**Problem:** The copy you return should hold only the lines from the top of the data below through the line with "On the January", each duplicated exactly and with no pictures.

******************************

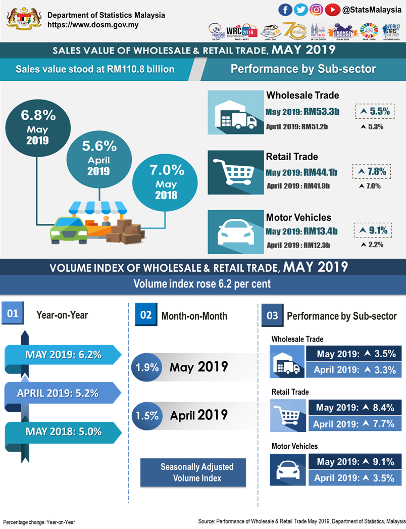 Sales of Wholesale & Retail Trade in May 2019 amounted to RM110.8 billion, grew  6.8 per cent as compared to the same month a year ago. Retail Trade recorded an increase of  RM3.2 billion (+7.8%) followed by Wholesale Trade with RM2.8 billion (+5.5%) and  Motor  Vehicles  with  RM1.1  billion  (+9.1%).  On  monthly  comparison,  sales  value  increased  RM5.4 billion  (+5.1%) after registering a decrease of  3.7 per cent in April 2019.
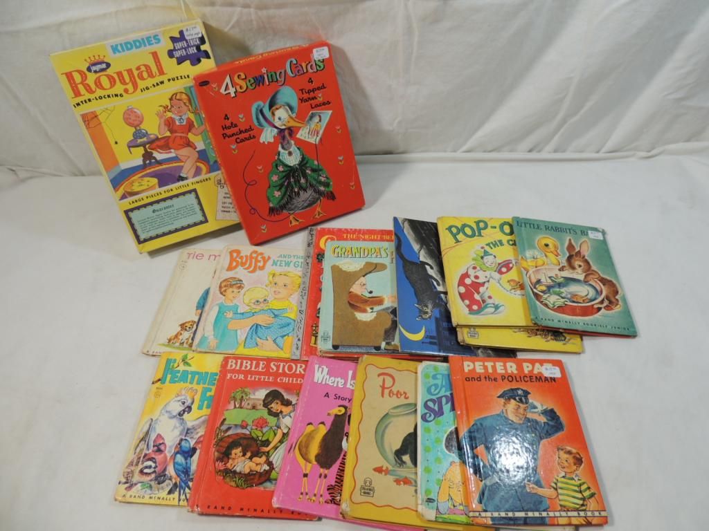 BOX LOT VINTAGE SEWING CARS, BOOKS & PUZZLES
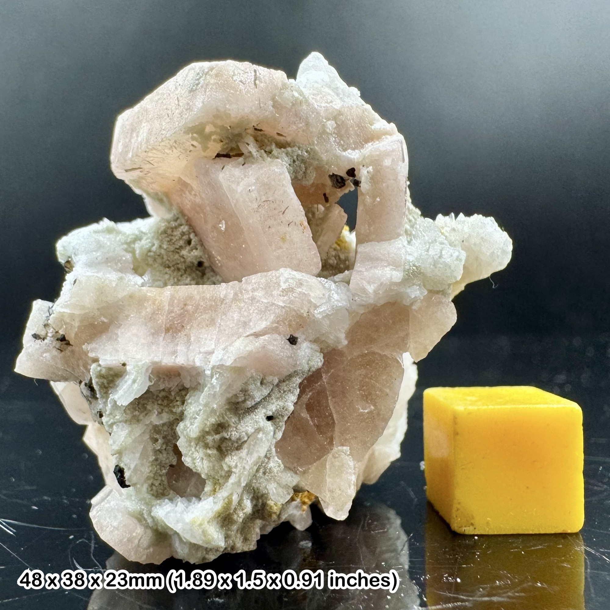This is a rare pink Apatite crystal cluster on natural matrix from the famous mineral-rich region of Skardu, Pakistan. Known for producing exceptional quality minerals, Skardu’s pegmatite deposits are particularly renowned for their colourful gem minerals such as Tourmaline, Aquamarine, Topaz, and Apatite. This stunning specimen showcases vibrant pink Apatite crystals nestled on their natural host rock, offering both scientific significance and visual beauty. The exact crystal shown in the photos is the one you will receive, displayed alongside a 1cm scale cube for accurate sizing. Every specimen is 100% genuine and supplied with a Certificate of Authenticity.
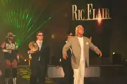 On the January 4, 2010, live, three-hour episode of Total Nonstop Action Wrestling (TNA)'s Impact! television show, Ric Flair made his debut for the company, observing the main event match between A.J. Styles and Kurt Angle.[5] On January 17 at the Genesis pay-per-view, Flair helped Styles defeat Angle to retain the TNA World Heavyweight Championship, and in the process turned both himself and Styles heel.[6] On the following episode of Impact!, Flair announced that he was going to take Styles under his wing and make him the next Nature Boy.[7] On the February 24 episode of Impact! Flair and Styles were joined by Desmond Wolfe and in the weeks leading to Lockdown Beer Money, Inc. (James Storm and Robert Roode) and Sting were added to the group to complete Team Flair for the annual Lethal Lockdown match.[8] On April 18 at Lockdown, Team Flair was defeated by Team Hogan (Abyss, Jeff Hardy, Jeff Jarrett and Rob Van Dam) and the following night on Impact! Styles lost the TNA World Heavyweight Championship to Van Dam.[9][10] After Lockdown Sting left the group and went on to feud with Jarrett, while the rest of Team Flair remained intact.
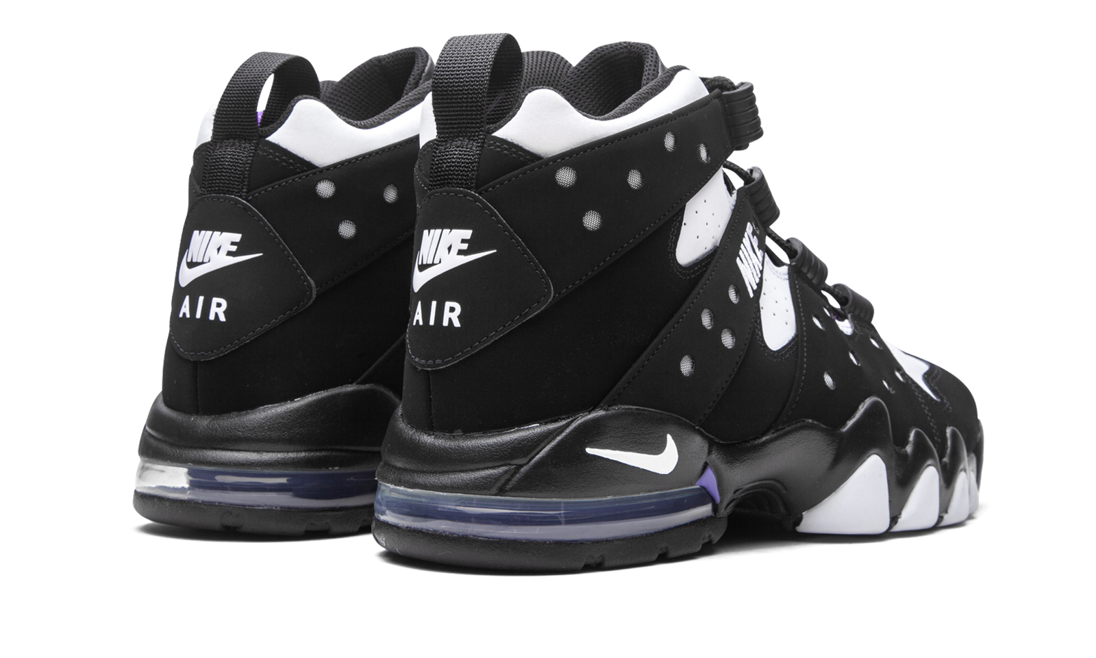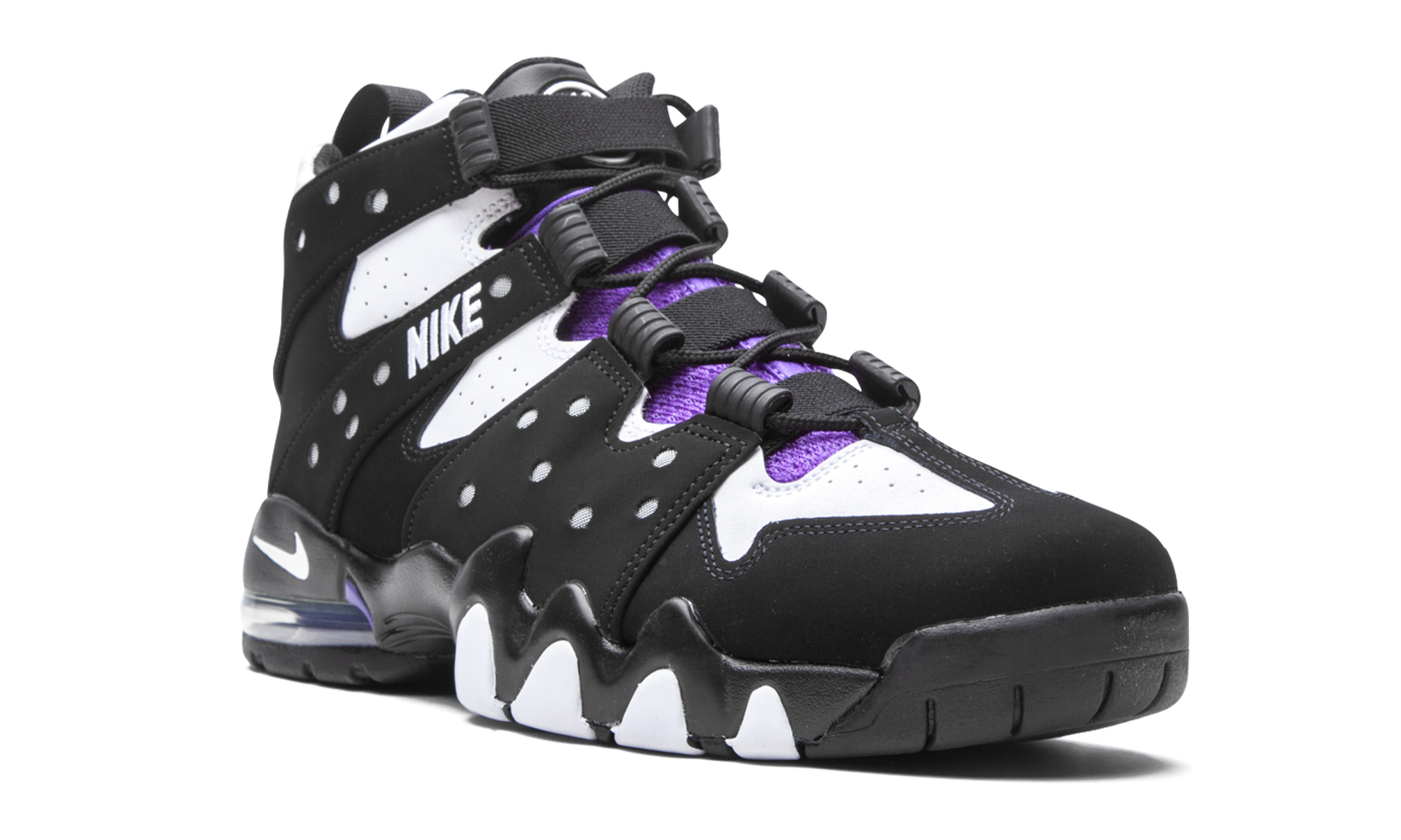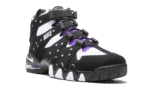 The Nike Air Max 2 CB ‘94 “2020 Retro” is an original colorway of Charles Barkley’s signature performance basketball shoe from the ‘90s. Quintessentially retro from a design standpoint, the Air Max 2 CB ‘94 returns in its true-to-original form for this Fall 2020 release. The design by Tinker Hatfield, which is inspired by the look of a straitjacket, features a split white leather and black synthetic nubuck design along the eyelets and midsole, respectively. White “Nike” embroidery appears on the midfoot harness that supports the lacing system. Additional details include purple accenting on the nylon tongue, white “Nike Air” embroidery on the heel, and a mini Swoosh on back of the midsole. A visible Air unit in the heel with purple accenting completes the look of this classic hoops silhouette from Nike Basketball.

******************************

**Solution:**
 Sales of Wholesale & Retail Trade in May 2019 amounted to RM110.8 billion, grew  6.8 per cent as compared to the same month a year ago. Retail Trade recorded an increase of  RM3.2 billion (+7.8%) followed by Wholesale Trade with RM2.8 billion (+5.5%) and  Motor  Vehicles  with  RM1.1  billion  (+9.1%).  On  monthly  comparison,  sales  value  increased  RM5.4 billion  (+5.1%) after registering a decrease of  3.7 per cent in April 2019.
 BOX LOT VINTAGE SEWING CARS, BOOKS & PUZZLES
This is a rare pink Apatite crystal cluster on natural matrix from the famous mineral-rich region of Skardu, Pakistan. Known for producing exceptional quality minerals, Skardu’s pegmatite deposits are particularly renowned for their colourful gem minerals such as Tourmaline, Aquamarine, Topaz, and Apatite. This stunning specimen showcases vibrant pink Apatite crystals nestled on their natural host rock, offering both scientific significance and visual beauty. The exact crystal shown in the photos is the one you will receive, displayed alongside a 1cm scale cube for accurate sizing. Every specimen is 100% genuine and supplied with a Certificate of Authenticity.
 On the January 4, 2010, live, three-hour episode of Total Nonstop Action Wrestling (TNA)'s Impact! television show, Ric Flair made his debut for the company, observing the main event match between A.J. Styles and Kurt Angle.[5] On January 17 at the Genesis pay-per-view, Flair helped Styles defeat Angle to retain the TNA World Heavyweight Championship, and in the process turned both himself and Styles heel.[6] On the following episode of Impact!, Flair announced that he was going to take Styles under his wing and make him the next Nature Boy.[7] On the February 24 episode of Impact! Flair and Styles were joined by Desmond Wolfe and in the weeks leading to Lockdown Beer Money, Inc. (James Storm and Robert Roode) and Sting were added to the group to complete Team Flair for the annual Lethal Lockdown match.[8] On April 18 at Lockdown, Team Flair was defeated by Team Hogan (Abyss, Jeff Hardy, Jeff Jarrett and Rob Van Dam) and the following night on Impact! Styles lost the TNA World Heavyweight Championship to Van Dam.[9][10] After Lockdown Sting left the group and went on to feud with Jarrett, while the rest of Team Flair remained intact.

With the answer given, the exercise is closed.